Maritess Talic, 46, said she feared that her two children might not have learned anything during the past year. She and her husband are just ordinary manual workers with a precarious income. They had to accumulate 5,000 pesos (about 100 USD) to buy an old tablet for their two children, a 7-year-old, a 9-year-old, to study online.
But the Talics, who live in Imus, a suburb south of Manila, don’t have a stable internet connection. They pay for the internet with a prepaid card, so the data capacity sometimes runs out in the middle of two kids’ online classes. Talic also has many difficulties when teaching her children math and science because her education level is not high.
“It’s really not easy,” Talic said, adding that the two children also have difficulty sharing a tablet. “Sometimes we don’t even have enough money to pay our electricity bill, and now we have to spend more money to buy prepaid Internet cards.”
Talic understands that public health must be prioritized over opening schools, but she is very worried about the future of her children. “The problem is I don’t think they’re absorbing anything,” she said. “Internet connection is sometimes too slow”.
Even before the outbreak of the pandemic, the Philippines was facing an education crisis, with overcrowded classrooms, poor infrastructure in public schools and low wages causing a severe shortage of teachers.
A report by the World Bank (WB) in 2020 said that the Philippines’ Internet coverage is also uneven. In 2018, about 57% of the country’s 23 million households had an internet connection.

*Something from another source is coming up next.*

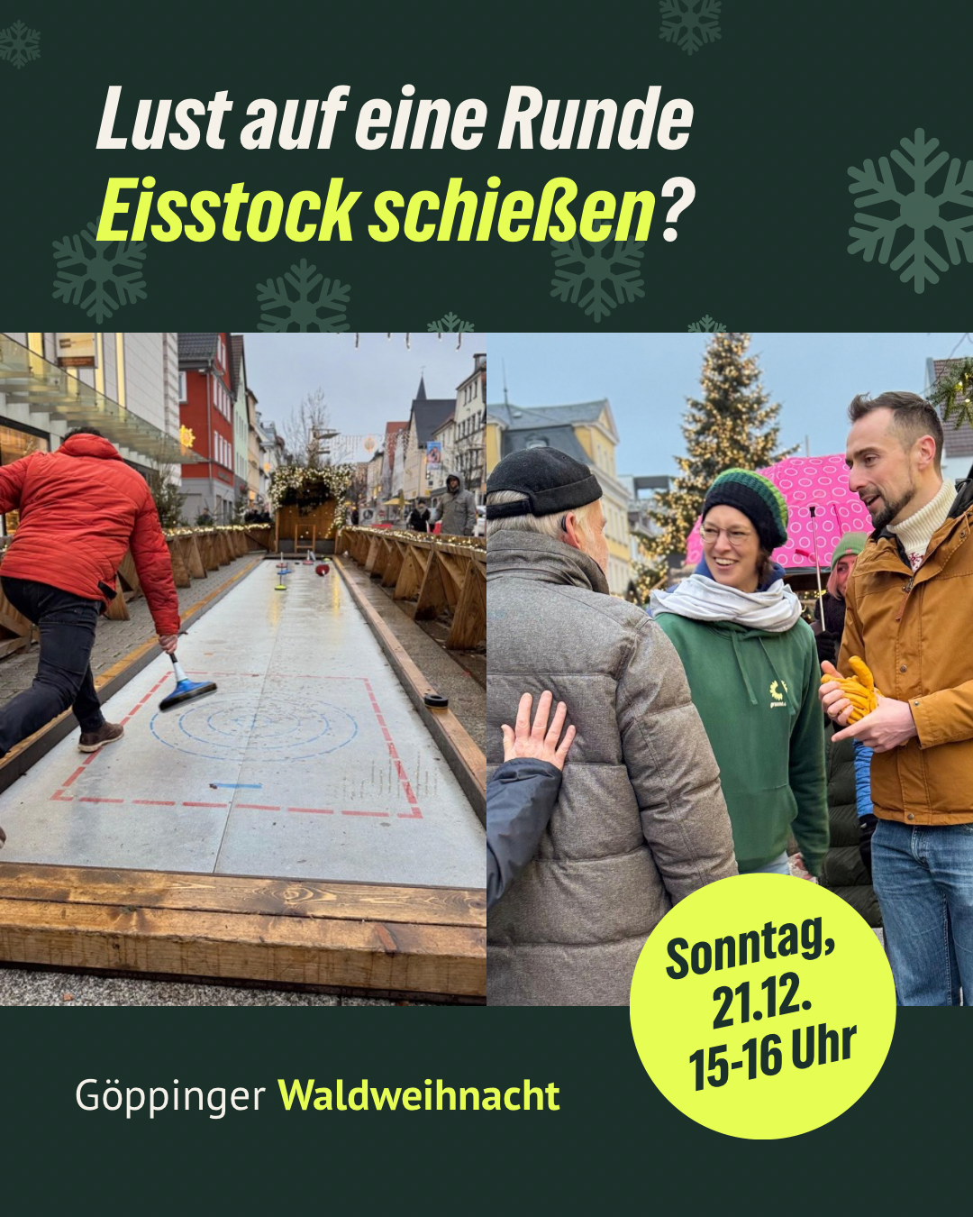 Wenn du am Sonntag vor Weihnachten Zeit und Lust auf eine Runde Eisstock schießen auf der Waldweihnacht hast, komm vorbei. Wir sind zwischen 15 und 16 Uhr dort und freuen uns, wenn Gäste dazu kommen.

The government is working to improve the imbalance in digital accessibility in the community.
Manila Mayor Francisco Domagoso said last year that City Hall had distributed 130,000 tablets and 11,000 laptops to support students and teachers.
UNICEF noted in August that school closures have had a particularly severe impact on vulnerable children who face challenges of poverty and inequality. They called for the opening of schools in the Philippines, starting in low-risk areas and applying strict safety procedures.

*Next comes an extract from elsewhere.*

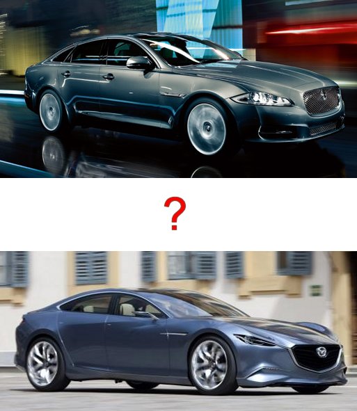 A mes yeux, la Jag et la Mazda se ressemble clairement dans le traitement général, bouche avant proéminente et profil de coupé 4 portes sans custode (je sais, la Jag en a une, mais si profilée qu'elle se voit à peine). Même le traitement épuré de l'arrière les rapproche.

According to UNICEF Representative in the Philippines Oyunsaikhan Dendevnorov, school closures bring a series of consequences for students, such as the risk of mental problems, dropping out of school, having to work early or getting married.

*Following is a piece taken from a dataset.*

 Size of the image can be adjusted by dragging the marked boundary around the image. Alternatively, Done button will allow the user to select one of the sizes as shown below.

As distance learning resumed this week, Philippine Education Secretary Leonor Briones attempted to portray it as a huge success. According to her, about 23 million children, from primary to secondary school, are enrolled. But she admits that enrollment this year is about two million fewer than last year.
Regina Tolentino, deputy secretary-general of the Association of University Press Editors of the Philippines, said it was “unrealistic” for the authorities to try to positively portray school closures for the second year in a row.
With online learning as the only option, families of poor students will have to spend a lot of money to buy computers and Internet cards, which can be used to buy necessities. “The government must listen to students and uphold their basic rights regarding education, even in times of epidemics,” she stressed.
However, leading doctors and health experts say that while reopening schools is an important goal, safety for public health still needs to be a priority.
To date, only 14 million Filipinos have been fully immunized, far below the government’s initial goal of completing vaccinations for 70 million people by the end of the year. Some hospitals are overwhelmed and the sight of patients having to breathe oxygen in the middle of a parking lot has become commonplace.
Dr. Anthony Leachon, a leading public health expert and a member of the Philippine government’s Covid-19 advisory board, urged authorities to promptly vaccinate children 12-17 years old to pave the way for reopening. schools.
“Opening schools while the Delta mutation is spreading like it is now is really dangerous,” he said.